- _YOUR ASSIGNMENT_:
In the material below, find the line with "- Sảnh game" and the line with "2019年杜村乡安全生产监督检查情况记录". Output exactly those two lines and all lines between them, leaving out pictures.

- _DATA EXTRACTS_:
━━━━━━━━
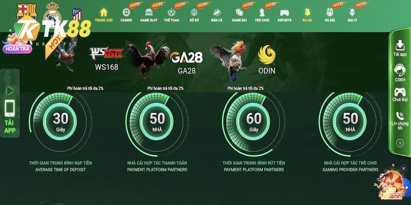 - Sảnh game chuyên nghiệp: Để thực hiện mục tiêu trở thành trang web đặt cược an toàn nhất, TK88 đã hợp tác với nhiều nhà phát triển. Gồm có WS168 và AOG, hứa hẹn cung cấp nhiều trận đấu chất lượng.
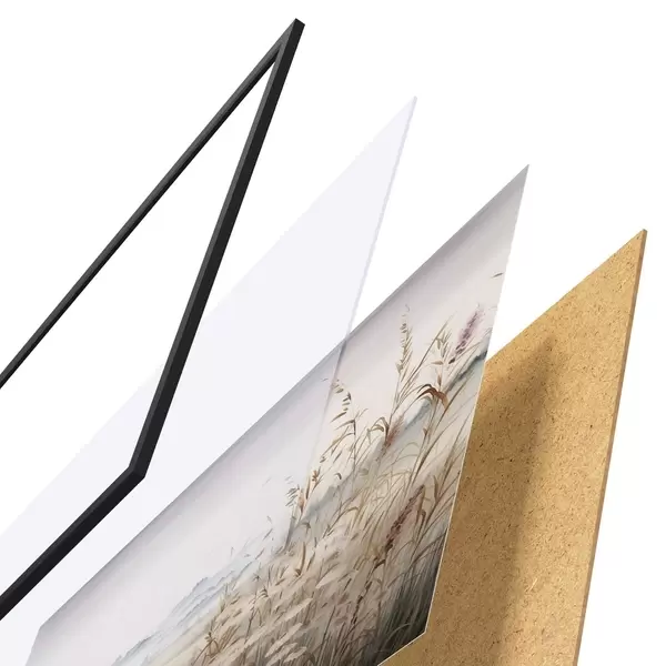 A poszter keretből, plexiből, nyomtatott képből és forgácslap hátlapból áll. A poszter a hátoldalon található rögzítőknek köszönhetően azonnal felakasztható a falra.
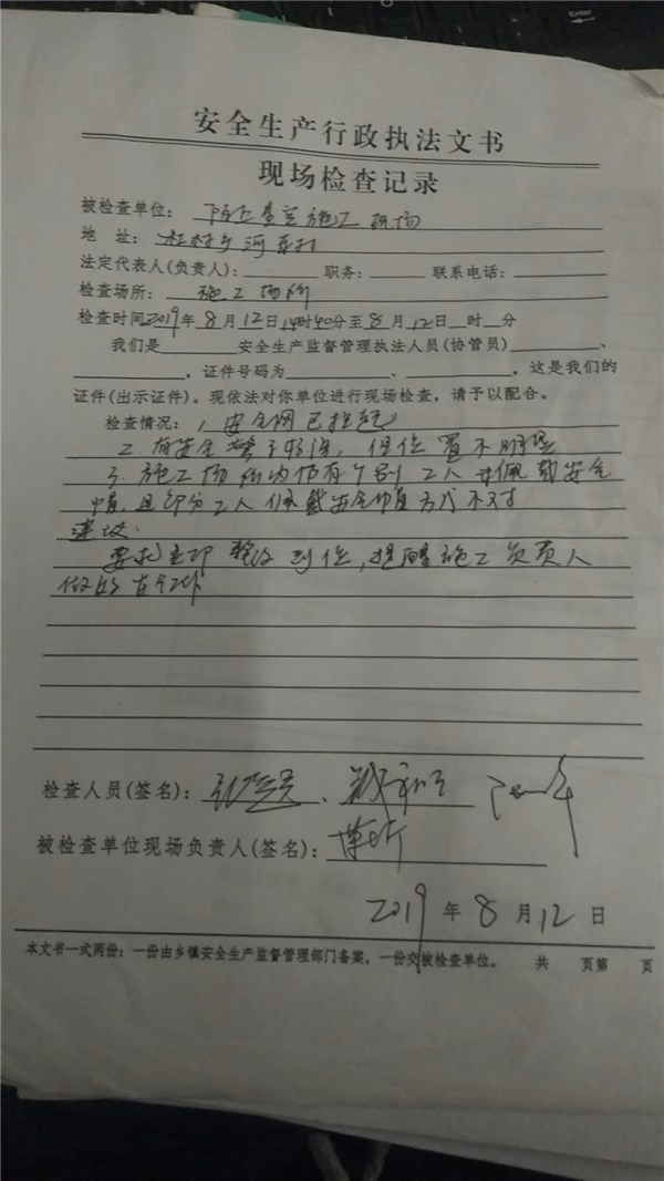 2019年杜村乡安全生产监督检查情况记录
━━━━━━━━
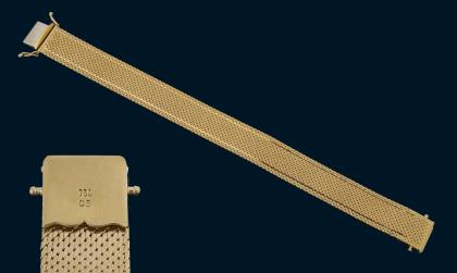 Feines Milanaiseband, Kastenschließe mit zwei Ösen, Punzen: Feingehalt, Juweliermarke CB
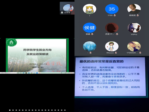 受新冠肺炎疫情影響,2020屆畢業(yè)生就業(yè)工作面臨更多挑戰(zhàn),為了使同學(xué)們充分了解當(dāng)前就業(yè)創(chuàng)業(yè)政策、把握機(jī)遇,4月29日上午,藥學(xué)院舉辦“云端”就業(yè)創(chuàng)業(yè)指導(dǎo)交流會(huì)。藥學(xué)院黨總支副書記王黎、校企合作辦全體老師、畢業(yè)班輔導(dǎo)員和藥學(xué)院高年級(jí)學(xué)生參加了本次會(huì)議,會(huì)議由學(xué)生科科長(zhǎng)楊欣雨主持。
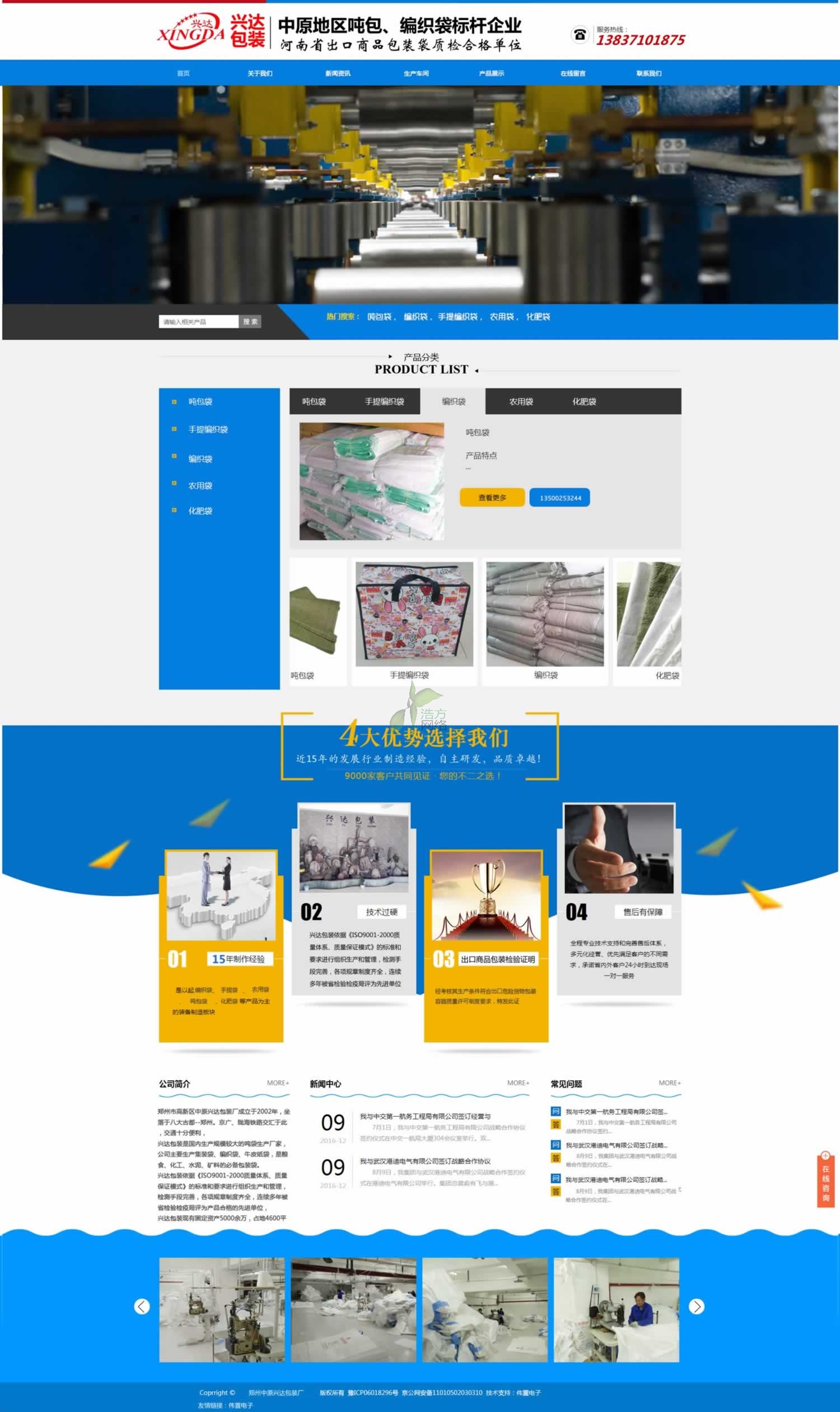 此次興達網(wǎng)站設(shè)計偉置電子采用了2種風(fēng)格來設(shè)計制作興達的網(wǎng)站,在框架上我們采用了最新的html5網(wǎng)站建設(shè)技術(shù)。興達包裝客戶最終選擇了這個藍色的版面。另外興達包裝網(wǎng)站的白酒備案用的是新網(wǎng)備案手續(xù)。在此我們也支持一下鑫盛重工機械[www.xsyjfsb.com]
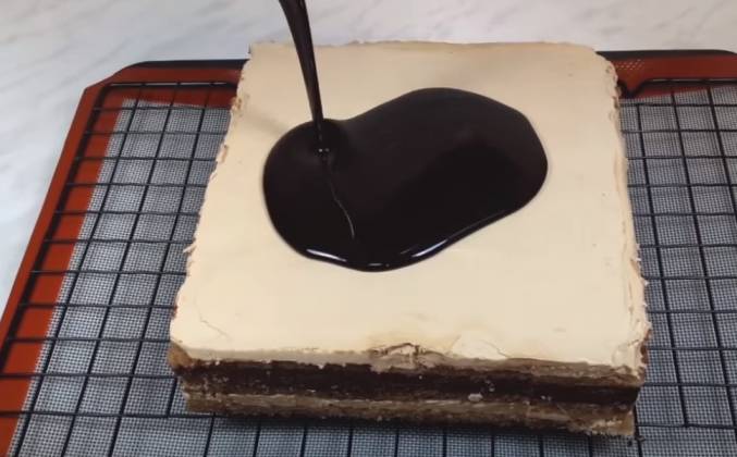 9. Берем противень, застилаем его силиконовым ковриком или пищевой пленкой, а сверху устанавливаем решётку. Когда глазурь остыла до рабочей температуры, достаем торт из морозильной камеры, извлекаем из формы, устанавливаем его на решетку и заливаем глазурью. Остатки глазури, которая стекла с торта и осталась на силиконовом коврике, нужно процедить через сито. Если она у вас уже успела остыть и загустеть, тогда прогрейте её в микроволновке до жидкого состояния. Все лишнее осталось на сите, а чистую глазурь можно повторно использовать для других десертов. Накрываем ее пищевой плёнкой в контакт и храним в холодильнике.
━━━━━━━━
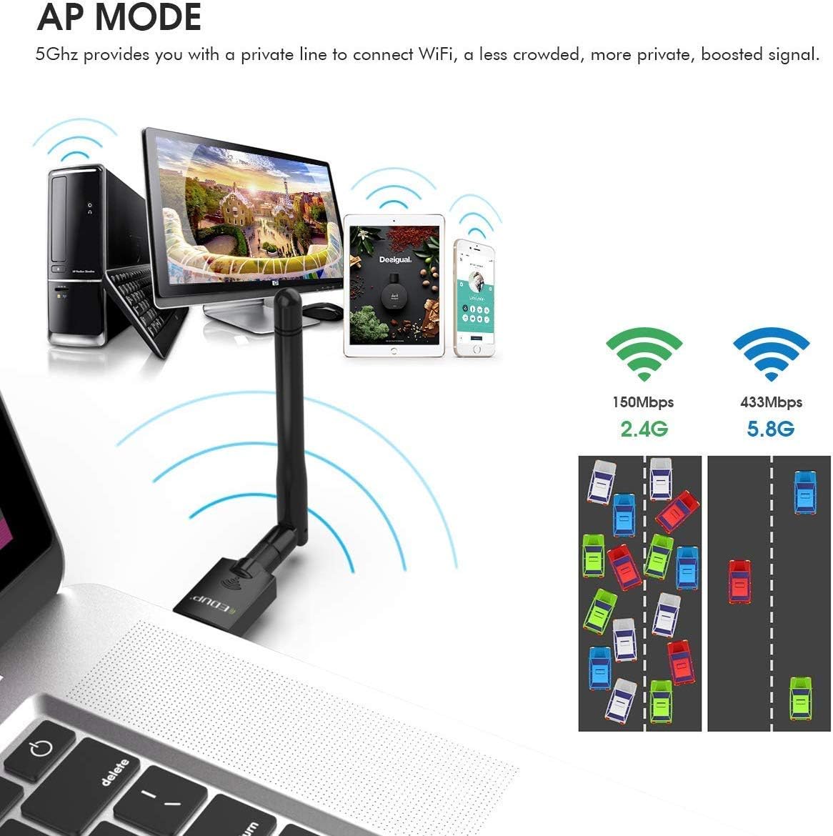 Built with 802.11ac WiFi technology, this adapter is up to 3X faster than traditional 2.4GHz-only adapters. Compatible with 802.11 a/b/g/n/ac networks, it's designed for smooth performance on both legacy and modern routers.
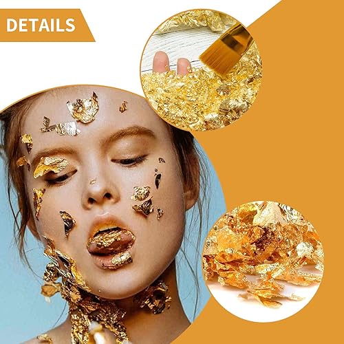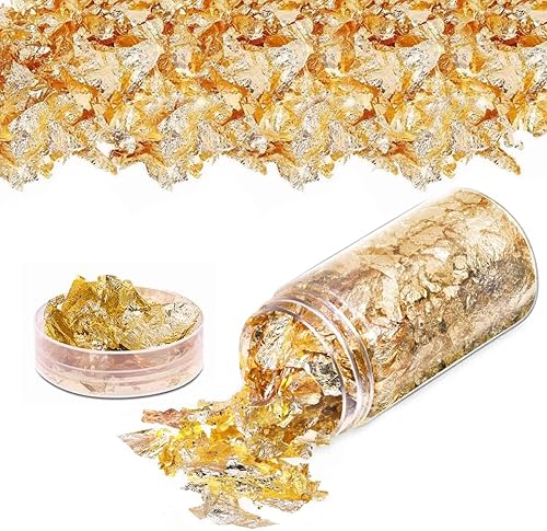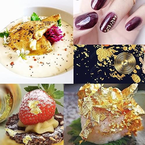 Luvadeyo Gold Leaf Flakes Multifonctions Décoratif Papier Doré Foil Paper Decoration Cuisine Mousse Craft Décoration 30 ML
━━━━━━━━
- _ANSWER TO THE PROBLEM_:
 - Sảnh game chuyên nghiệp: Để thực hiện mục tiêu trở thành trang web đặt cược an toàn nhất, TK88 đã hợp tác với nhiều nhà phát triển. Gồm có WS168 và AOG, hứa hẹn cung cấp nhiều trận đấu chất lượng.
 A poszter keretből, plexiből, nyomtatott képből és forgácslap hátlapból áll. A poszter a hátoldalon található rögzítőknek köszönhetően azonnal felakasztható a falra.
 2019年杜村乡安全生产监督检查情况记录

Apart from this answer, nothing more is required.